SIMG: “RAGGIUNTO IL PICCO DELL’INFLUENZA, 552.300 GLI ITALIANI A LETTO L’EPIDEMIA È SOTTO CONTROLLO E IL SISTEMA DELLE CURE PRIMARIE REGGE L’IMPATTO DELLE PATOLOGIE”

Firenze, 13 gennaio 2017 – Il presidente Claudio Cricelli: “Il virus è arrivato in anticipo con un’ascesa precoce, ora inizia il declino. I bambini fino a 4 anni i più colpiti. Dall’avvio delle rilevazioni registrati 2 milioni e 486mila casi”

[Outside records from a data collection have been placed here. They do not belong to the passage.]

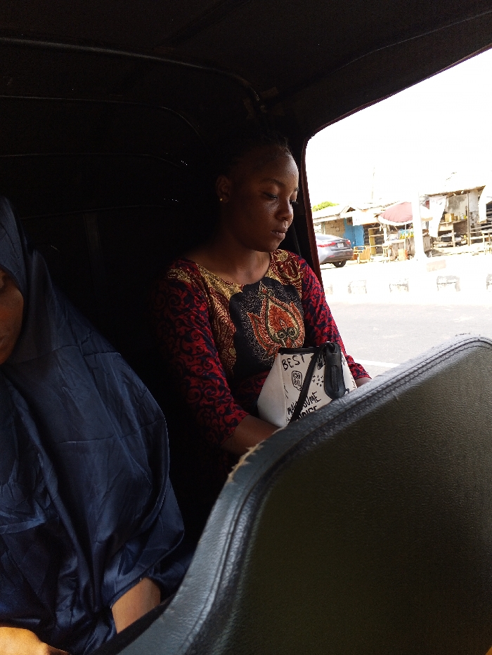 The image displays the interior of a passenger vehicle, likely a motorized tricycle, in Zango-ndaji, Nigeria, with a view through the open side to the exterior street scene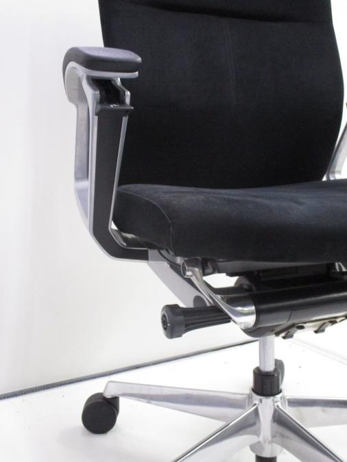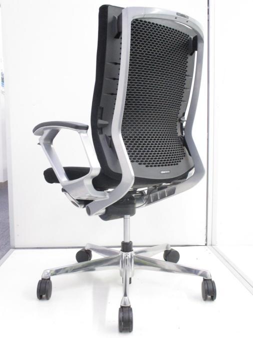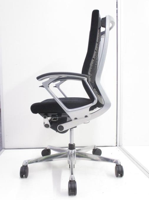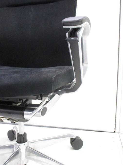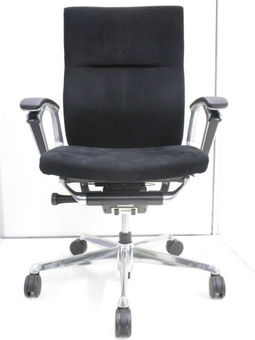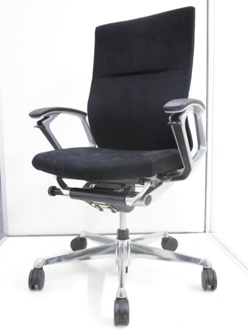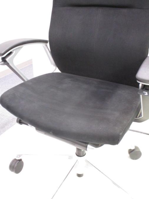 ※ひじ掛け部分に使用感ありのため、特価!【オカムラの最上級モデル!高級感と機能性を融合させたチェア!】■ハイバック 肘付き 背・座クロス張地(スエード調) 固定肘 ※サイド剥がれ有り ランバーサポート付き ブラック/オカムラ/デューク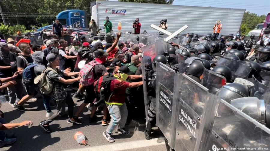 Una caravana de unos 600 migrantes, la mayoría centroamericanos, se enfrentó este viernes (01.04.2022) con piedras y palos a guardias nacionales de México, que respondieron con gases lacrimógenos, en una carretera del sureño estado de Chiapas.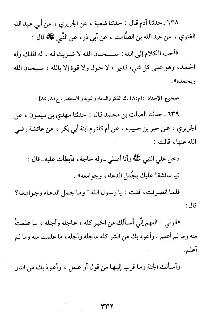 639 - عَنْ عَائِشَةَ رَضِيَ اللَّهُ عَنْهَا قَالَتْ: دَخل عَليَّ النبيُ صَلَّى اللهُ عَلَيْهِ وَسَلَّمَ وأَنا أُصلي ولَه حَاجة فَأبطأتُ عَليه قَالَ: (يَا عَائشة عَليكِ بِجُملِ الدُعاءِ وجَوامِعه) فَلما انصرَفتُ قُلت: يَا رَسُولَ اللَّهِ ومَا جُمَلِ الدُعاءِ وجَوامِعه؟ قَالَ: (قُولي: اللهُم إِنِّي أَسألُك مِن الخَير كُله عَاجِله وآجِله مَا عَلمتُ مِنه ومَا لَم أَعلم، وأَعوذُ بِك مِن الشَرِ كُلهِ عَاجِله وآجِله مَا عَلمتُ مِنه ومَا لَم أَعلم، وأَسألُك الجَنةَ ومَا قَربَ إِليها مِن قَولٍ أَو عَملٍ، وأَعوذُ بِك مِن النَّار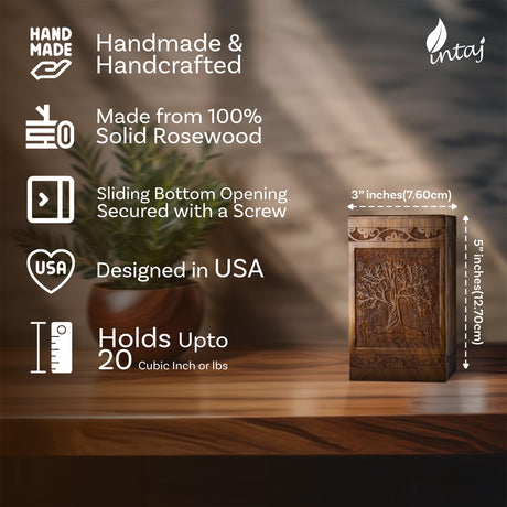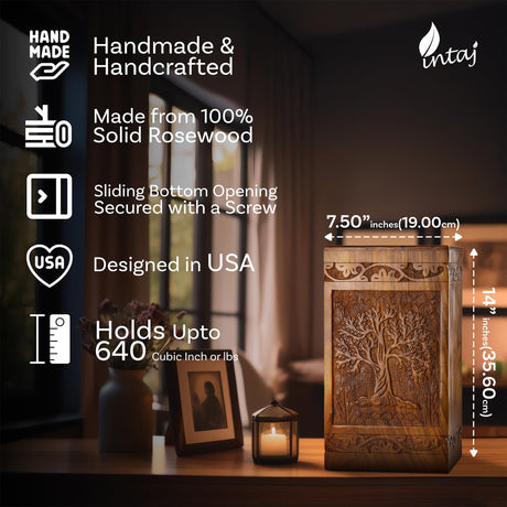 Handcarved Wooden Cremation Urn – Tree of Life – Suitable for Adults – 640lbs Capacity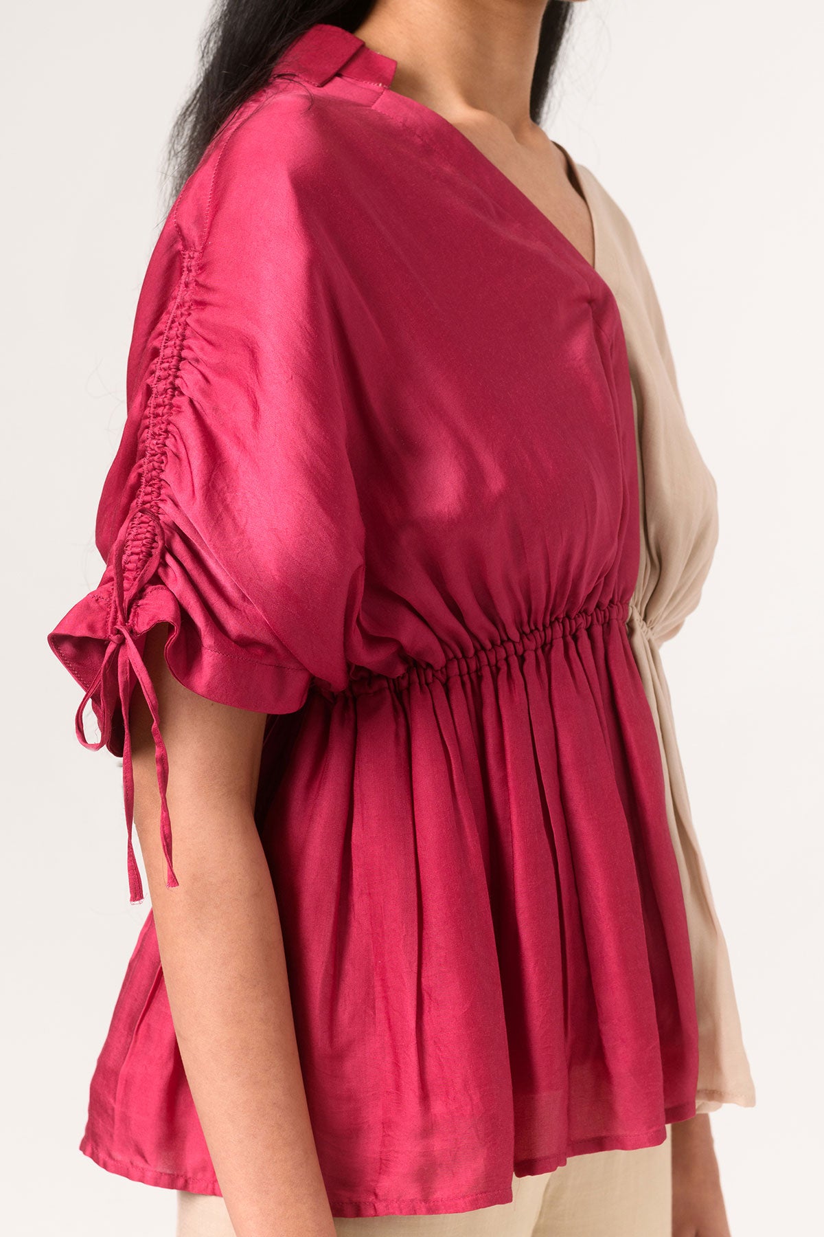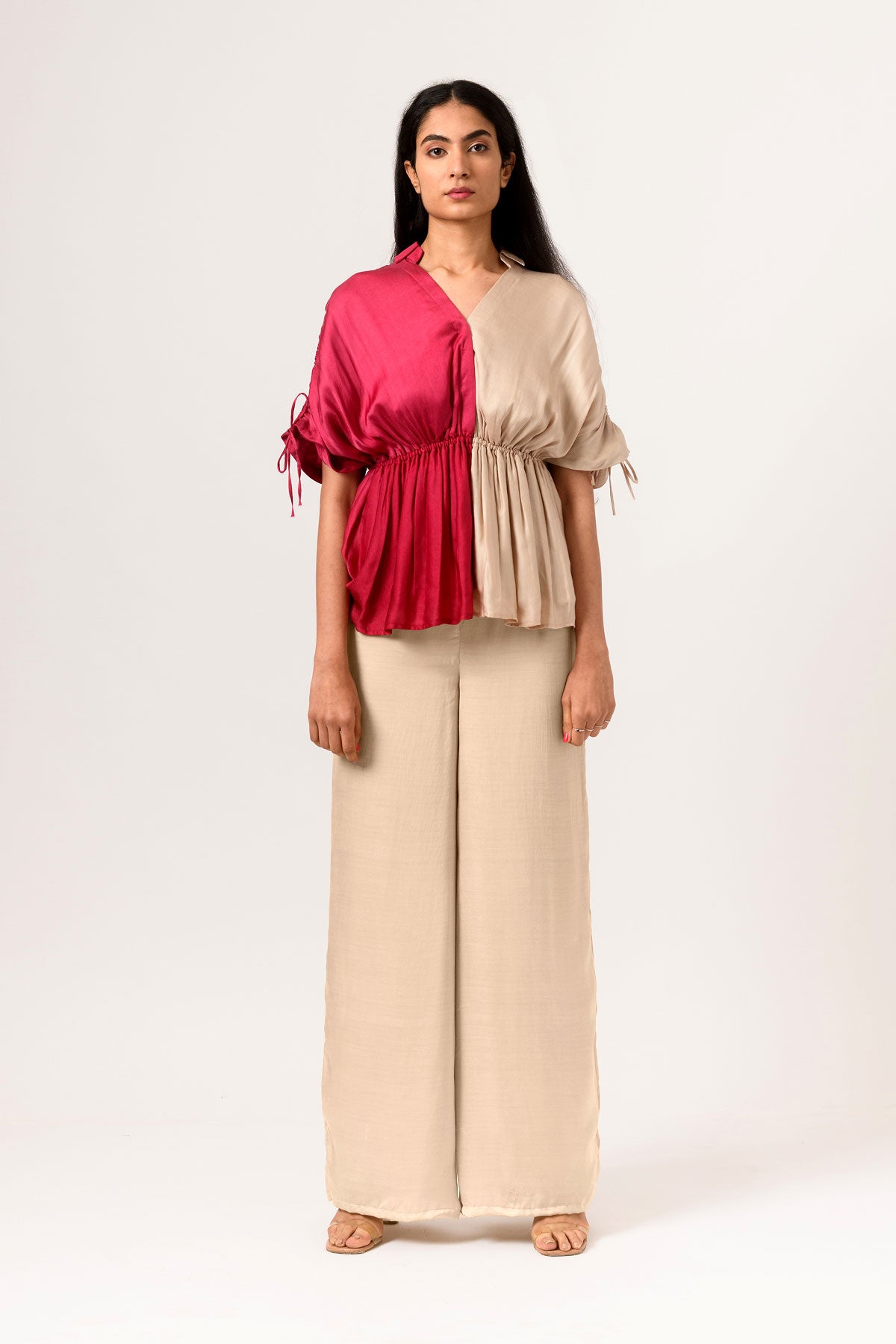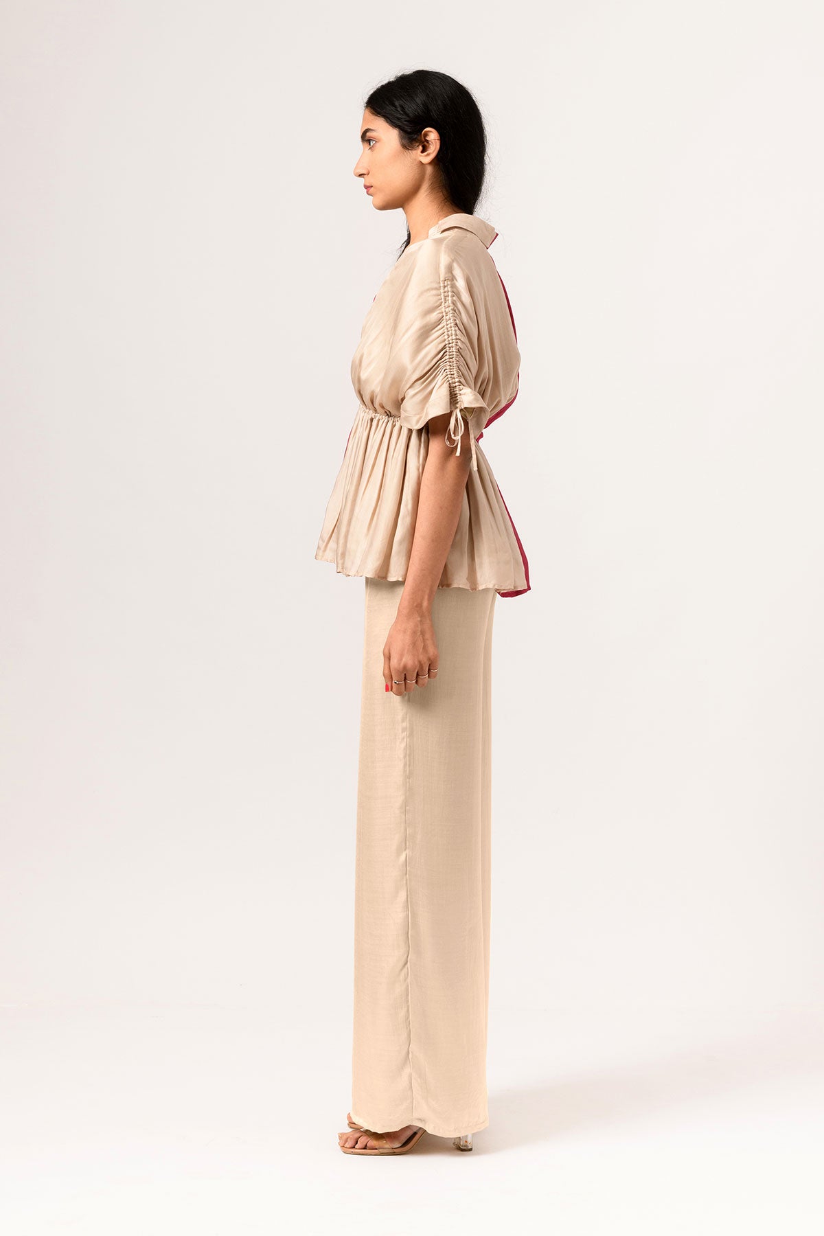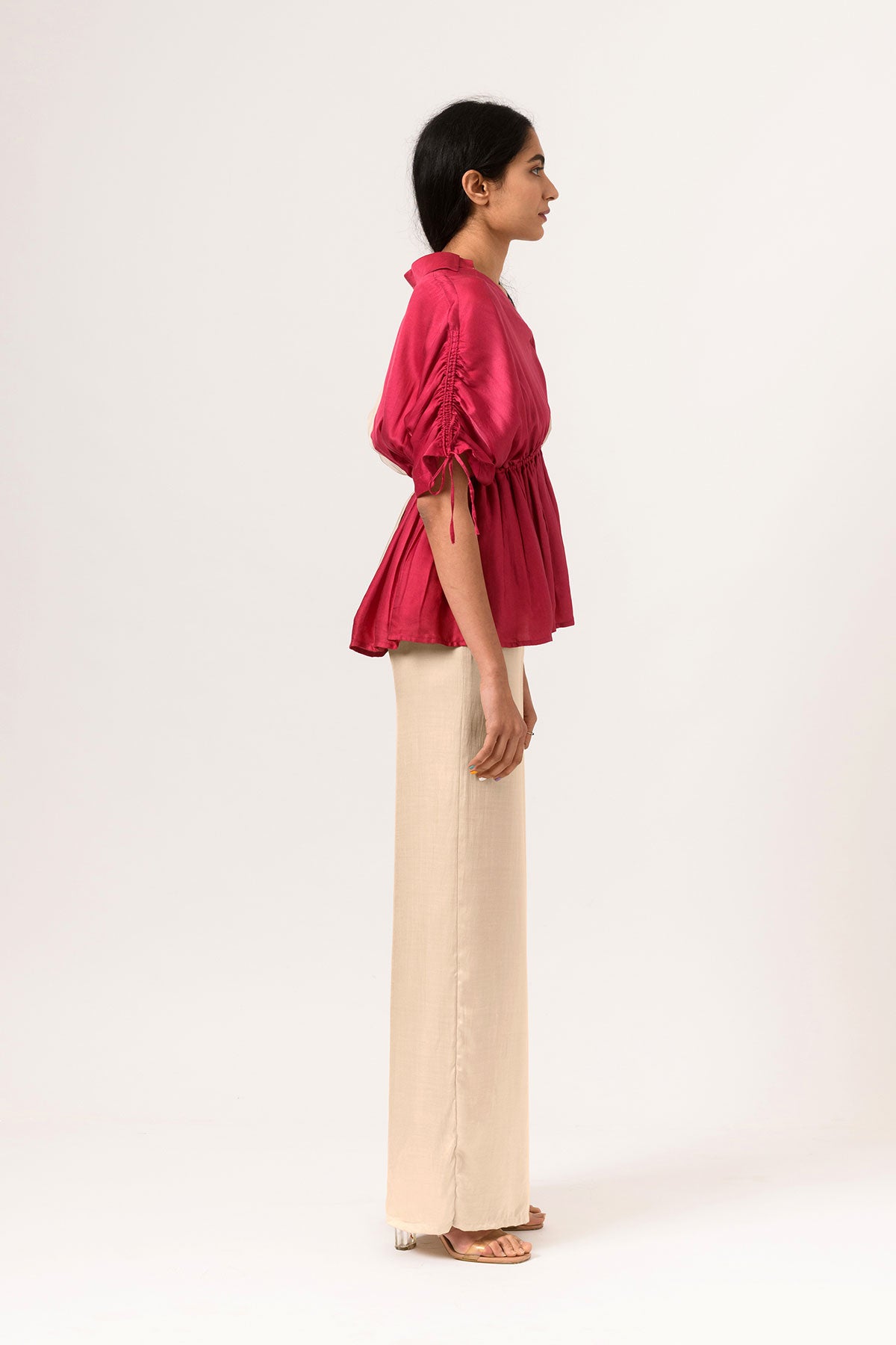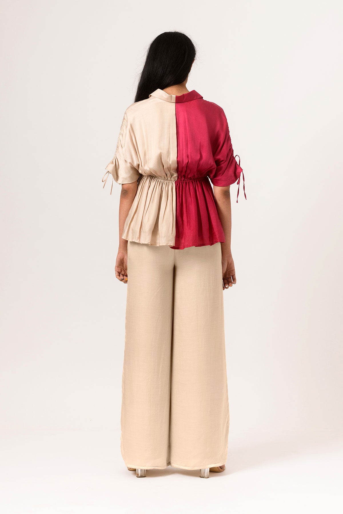 Wine-Ecru Half Sleeves Co-ord Set with detailing on the sleeve and waist with wide legged pants.Length of the Garments: 28 Top, 40 Pant

“L’influenza ha raggiunto il picco e sta iniziando il suo declino in tutte le fasce d’età. Il numero di nuovi casi stimati nella prima settimana del 2017 è stato pari a 552.300, negli ultimi 7 giorni del 2016 ne erano stati registrati 603.400. Il virus quest’anno è arrivato in anticipo rispetto alle precedenti stagioni influenzali con una conseguente ascesa precoce. Il sistema e i medici di famiglia stanno reggendo l’impatto dell’epidemia con un considerevole aumento del carico di lavoro, ancora più marcato a seguito della concentrazione dei casi nel tempo e nel periodo delle festività natalizie”. Secondo il dott. Claudio Cricelli, Presidente della Società Italiana di Medicina Generale e delle Cure Primarie (SIMG), il virus, che finora ha colpito in totale 2 milioni e 486mila cittadini, costringerà a letto nelle prossime settimane poco più di un milione e mezzo di persone. “È una stima – sottolinea il dott. Cricelli – che potrà essere modificata in relazione a eventuali recrudescenze dell’epidemia. Possiamo stilare un primo bilancio di metà stagione. La situazione è sotto controllo, quest’anno il virus è di media intensità: stiamo valutando le complicanze causate dalla malattia e le sindromi virali non influenzali sono, come sempre, più numerose di quelle determinate dall’influenza. Le cosiddette sindromi respiratorie acute, cioè le patologie delle prime vie aeree, includono il raffreddore comune e forme simili e possono quindi colpire anche le persone vaccinate contro l’influenza”. Nella settimana dal 2 all’8 gennaio il livello di incidenza del virus in Italia è stato pari a 9,11 casi per mille assistiti. La fascia di età maggiormente colpita è stata quella dei bambini al di sotto dei cinque anni in cui si è osservata un’incidenza pari a circa 17,47 casi per mille assistiti e quella tra 5 e 14 anni (pari a 9,27). Nella prima settimana del 2017 tutte le Regioni italiane hanno affrontato il periodo epidemico. In Piemonte, Val d’Aosta, Emilia-Romagna, Marche, Lazio, Abruzzo, Campania e Basilicata si è osservata un’incidenza pari o superiore a 10 casi per mille assistiti.